Kennedy and Gilbert credit the entire BorgWarner Heidleberg team, with its own cultural diversity, for helping to drive home the global experience of their summer internship.

“My heightened international acumen has provided me with the exposure to think big and consider different perspectives when tackling complex, global problems, which appear more and more frequently as globalization continues,” said Kennedy.

The team’s work for BorgWarner Transmission created a combination of communication, scheduling, inventory and machine learning tools to improve output and resolve current problems. Combined use of the deliverables will allow the Heidelberg facility to free up capital through inventory reductions and service level improvements by integrating dynamic lead times, scheduling optimization, and streamlined processes. The improvements have also strengthened the BorgWarner Quality Management System regarding the collaboration with suppliers as well as with internal and external customers.

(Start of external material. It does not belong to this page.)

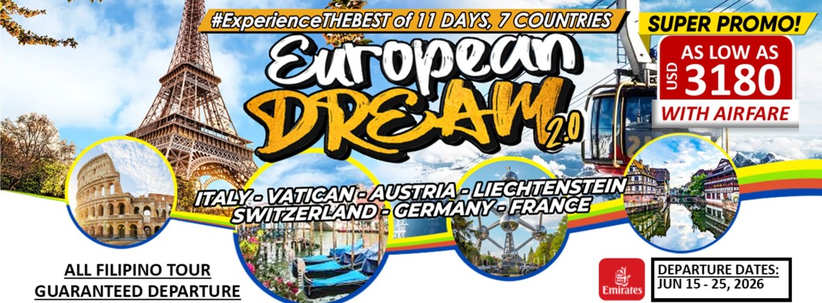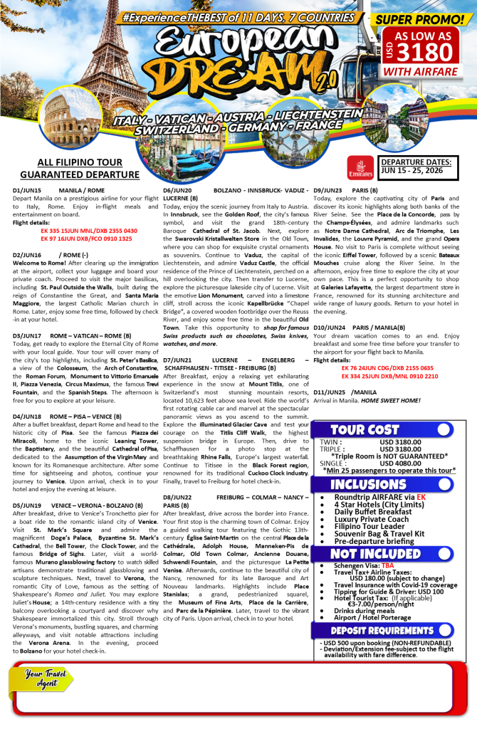 11d/10n EUROPEAN DREAM TOUR 2.0 via Emirates |JUN 2026| If you are interested to join this tour, please fill in your details below: ← BackThank you for your interest! A member of our team will get in touch with you. Name(required) Email Address(required) Mobile Number(required) SendSubmitting form Δ
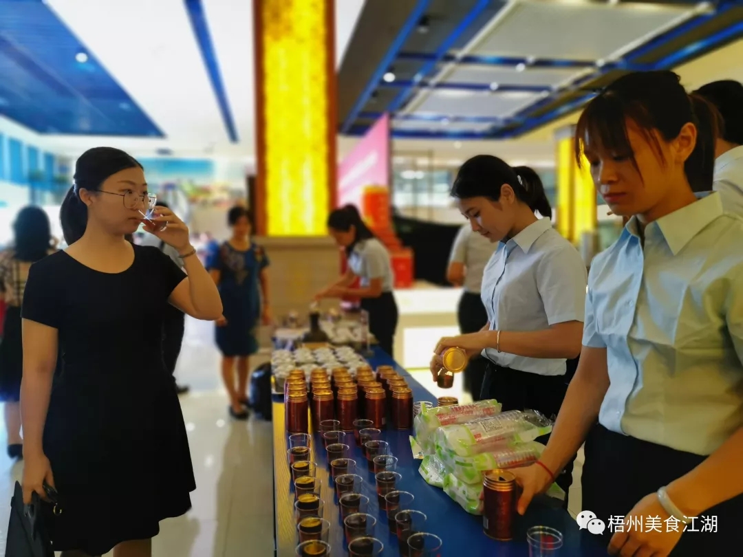下火龜苓寶現場展示 9月3日上午,自治區非物質文化遺產梧州龜苓膏歷史文化研討會暨中華老字號“雙錢”在中恒集團雙錢文化博覽園舉行了2019新品發布會,發布會上發布了一系列新品:下火飲料龜苓寶、精制高端金裝雙錢龜苓膏、雙錢六堡茶和雙錢坭興陶。 在發布會上,食俠第一次嘗試了“可以喝的龜苓膏”——龜苓寶。 入口一股濃濃的龜苓膏味,卻不覺半分苦澀感,清涼甘甜,回味無窮,一杯下肚,遍體生涼。

Gilbert said that BorgWarner’s Christian Bauer and Volker Reiners were exceptional bosses to sort through problems with, and the sense of humor that they brought with them to work each day made the daily meetings more enjoyable.  "I think that good-natured humor can help create a good working atmosphere by helping to break up the monotony of a day and allow people to enjoy their time in a company," Gilbert said, "However, the leadership was also very straightforward about goals and what needed to be done... I hope to be able to take a variation of this style with me."

The team’s solutions for BorgWarner Transmission were awarded a second place prize at the Tauber Institute's annual Spotlight! competition held in September.